--- The problem ---
Would you mind restating all of the records word for word, skipping the pictures?

--- Records shown ---

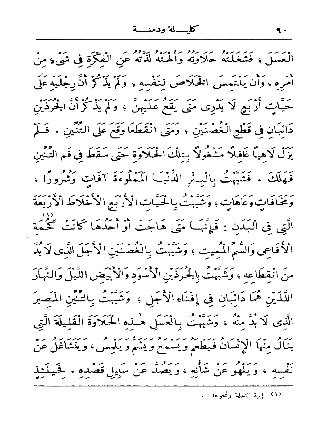 العسل، فشغلته حلاوته وألهته لذته عن الفكرة في شيءٍ من أمره، وأن يلتمس الخلاص لنفسه؛ ولم يذكر أن رجليه على حياتٍ أربعٍ لا يدري متى يقع عليهن؛ ولم يذكر أن الجرذين دائبان في قطع الغصنين؛ ومتى انقطعا وقع على التنين. فلم يزل لاهياً غافلاً مشغولاً بتلك الحلاوة حتى سقط في فم التنين فهلك. فشبهت بالبئر الدنيا المملوءة آفاتٍ وشروراً، ومخافاتٍ وعاهاتٍ؛ وشبهت بالحيات الأربع الأخلاط الأربعة التي في البدن: فإنها متى هاجت أو أحدها كانت كحمة الأفاعي والسم المميت؛ وشبهت بالجرذين الأسود والأبيض الليل والنهار اللذين هما دائبان في إفناء الأجل؛ وشبهت بالتنين المصير الذي لا بد منه؛ وشبهت بالعسل هذه الحلاوة القليلة التي ينال منها الإنسان فيطعم ويسمع ويشم ويلمس، ويتشاغل عن نفسه، ويلهو عن شأنه، ويصد عن سبيل قصده. فحينئذٍ
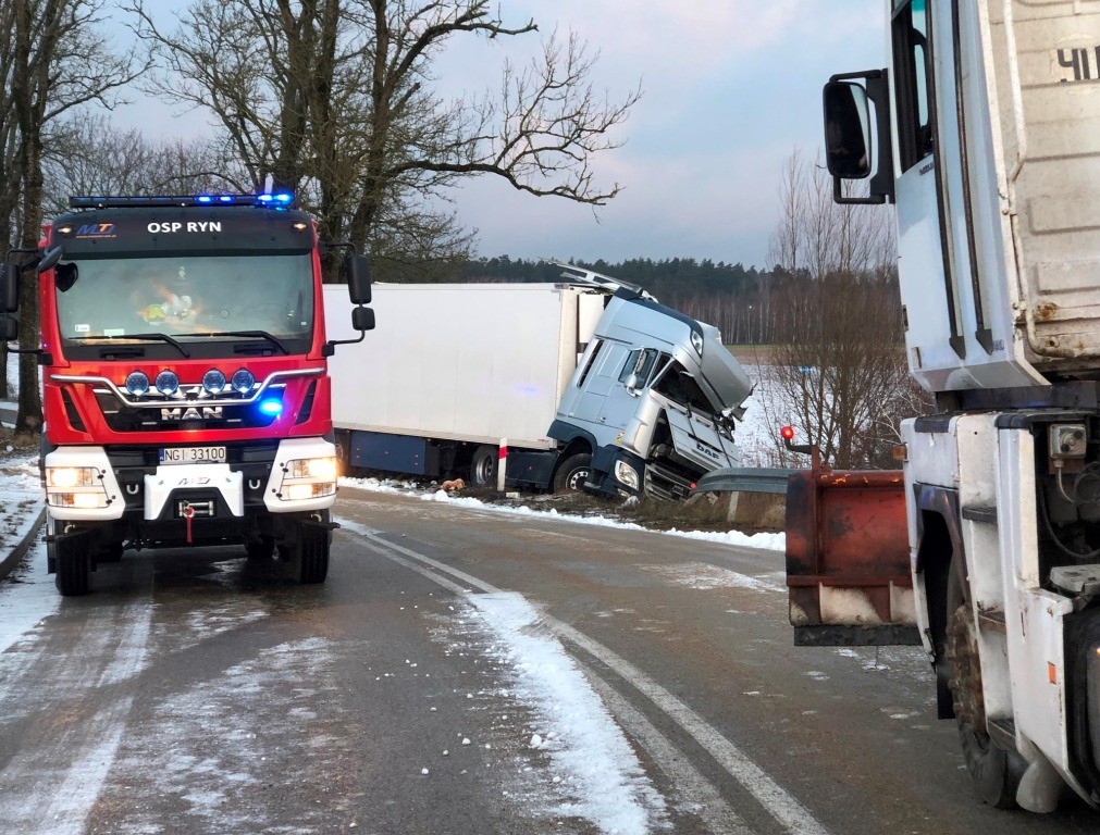 W środę, 8 stycznia, w godzinach porannych strażacy z Giżycka interweniowali w związku z wypadkiem drogowym z udziałem ciągnika siodłowego z naczepą. Do zdarzenia doszło na drodze wojewódzkiej nr 642 w pobliżu miejscowości Zielony Lasek w gminie Ryn.
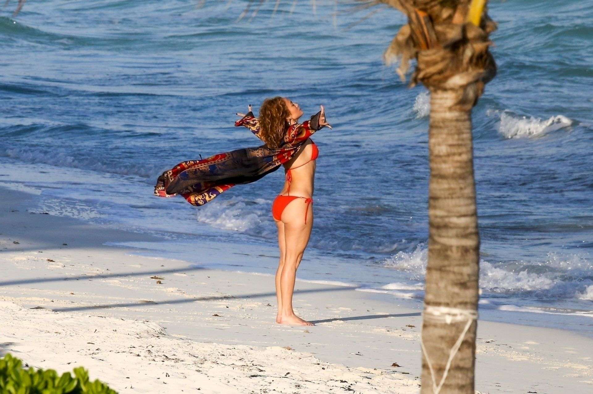 Jennifer Lopez Booty in Red Bikini at the Beach in Turk and Caicos
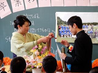 五十市中学校は、無事、修了の日を迎えました。これまで、いろいろな面で頑張ってきた生徒達。どこかしら堂々とした雰囲気に包まれていたような気がします。修了式の後は、たくさんの表彰がありました。それぞれが、この1年間の頑張りを胸に、新たな1年に向かうことになります。2年生は最高学年の3年生に、1年生は中堅の2年生に進級します。この春休み期間に、しっかりと進級の準備をしておきましょう。
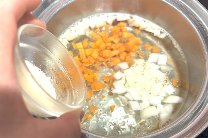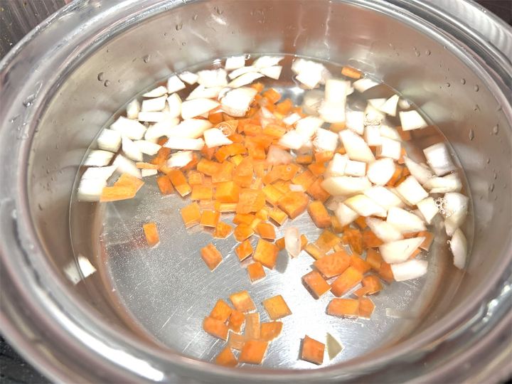 鍋にお湯800ml(分量外)を沸かし、1のさいの目切りにした玉ねぎ、にんじんを入れて煮ます。
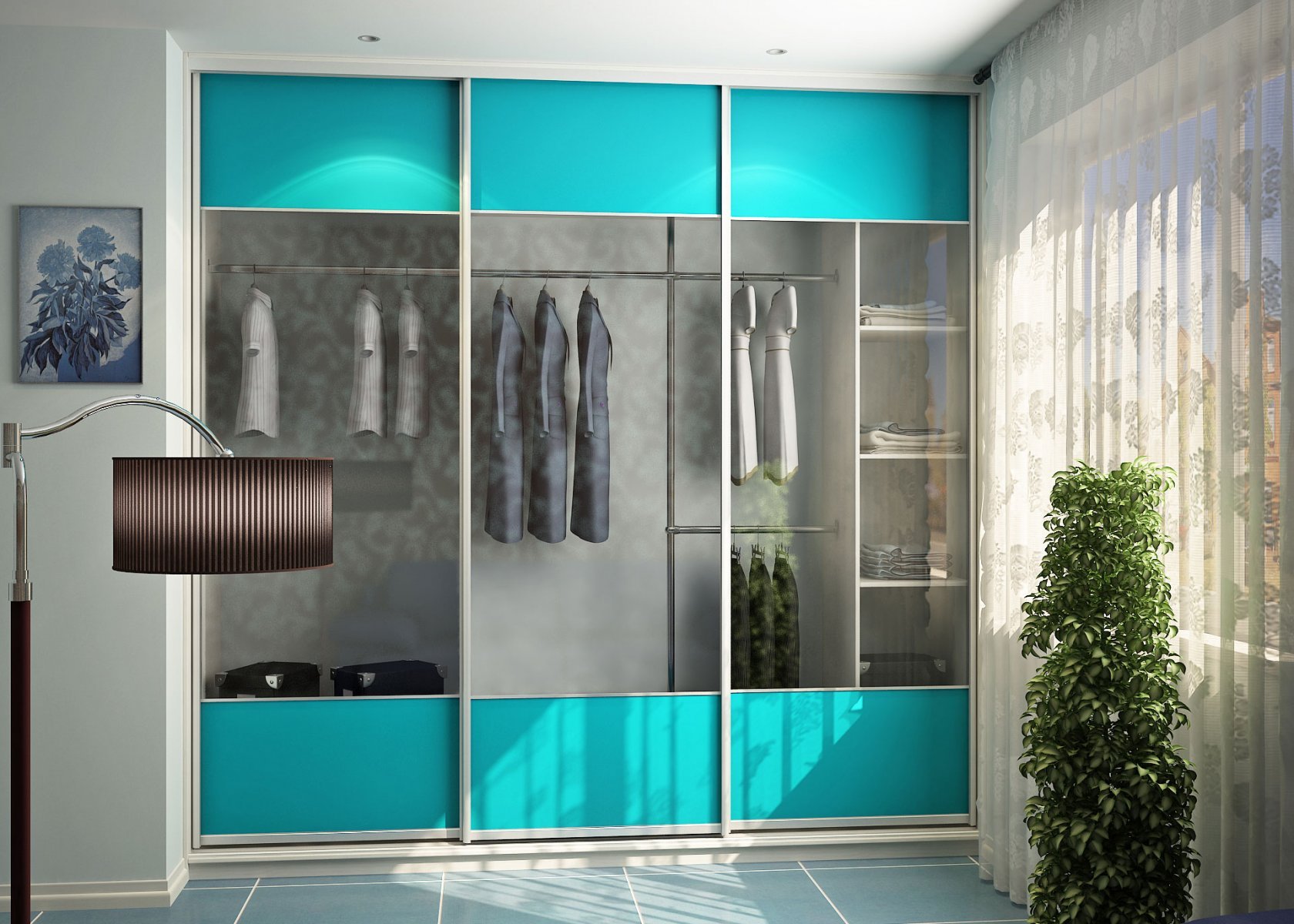 Бирюзовый шкаф купе
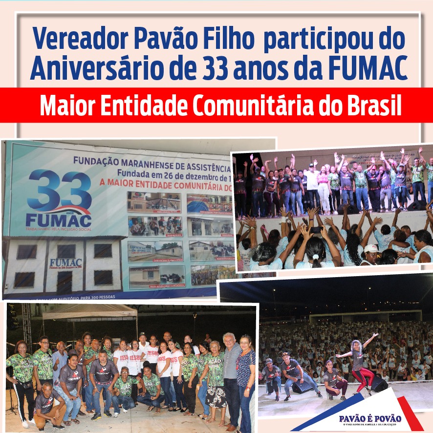 O Vereador Pavão Filho, participou do aniversário de 33 anos da Fundação Maranhense de Assistência Comunitária –FUMAC, fundada em 26 de dezembro de 1986, considerada a maior Entidade Comunitária do Brasil. O Evento de celebração do aniversário da Fundação aconteceu na Praça Maria Aragão, no dia 26 de Dezembro, com
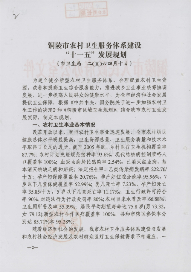 铜陵市农村卫生服务体系建设“十一五”发展规划

--- Task response ---
 العسل، فشغلته حلاوته وألهته لذته عن الفكرة في شيءٍ من أمره، وأن يلتمس الخلاص لنفسه؛ ولم يذكر أن رجليه على حياتٍ أربعٍ لا يدري متى يقع عليهن؛ ولم يذكر أن الجرذين دائبان في قطع الغصنين؛ ومتى انقطعا وقع على التنين. فلم يزل لاهياً غافلاً مشغولاً بتلك الحلاوة حتى سقط في فم التنين فهلك. فشبهت بالبئر الدنيا المملوءة آفاتٍ وشروراً، ومخافاتٍ وعاهاتٍ؛ وشبهت بالحيات الأربع الأخلاط الأربعة التي في البدن: فإنها متى هاجت أو أحدها كانت كحمة الأفاعي والسم المميت؛ وشبهت بالجرذين الأسود والأبيض الليل والنهار اللذين هما دائبان في إفناء الأجل؛ وشبهت بالتنين المصير الذي لا بد منه؛ وشبهت بالعسل هذه الحلاوة القليلة التي ينال منها الإنسان فيطعم ويسمع ويشم ويلمس، ويتشاغل عن نفسه، ويلهو عن شأنه، ويصد عن سبيل قصده. فحينئذٍ
 W środę, 8 stycznia, w godzinach porannych strażacy z Giżycka interweniowali w związku z wypadkiem drogowym z udziałem ciągnika siodłowego z naczepą. Do zdarzenia doszło na drodze wojewódzkiej nr 642 w pobliżu miejscowości Zielony Lasek w gminie Ryn.
 Jennifer Lopez Booty in Red Bikini at the Beach in Turk and Caicos
 五十市中学校は、無事、修了の日を迎えました。これまで、いろいろな面で頑張ってきた生徒達。どこかしら堂々とした雰囲気に包まれていたような気がします。修了式の後は、たくさんの表彰がありました。それぞれが、この1年間の頑張りを胸に、新たな1年に向かうことになります。2年生は最高学年の3年生に、1年生は中堅の2年生に進級します。この春休み期間に、しっかりと進級の準備をしておきましょう。
 鍋にお湯800ml(分量外)を沸かし、1のさいの目切りにした玉ねぎ、にんじんを入れて煮ます。
 Бирюзовый шкаф купе
 O Vereador Pavão Filho, participou do aniversário de 33 anos da Fundação Maranhense de Assistência Comunitária –FUMAC, fundada em 26 de dezembro de 1986, considerada a maior Entidade Comunitária do Brasil. O Evento de celebração do aniversário da Fundação aconteceu na Praça Maria Aragão, no dia 26 de Dezembro, com
 铜陵市农村卫生服务体系建设“十一五”发展规划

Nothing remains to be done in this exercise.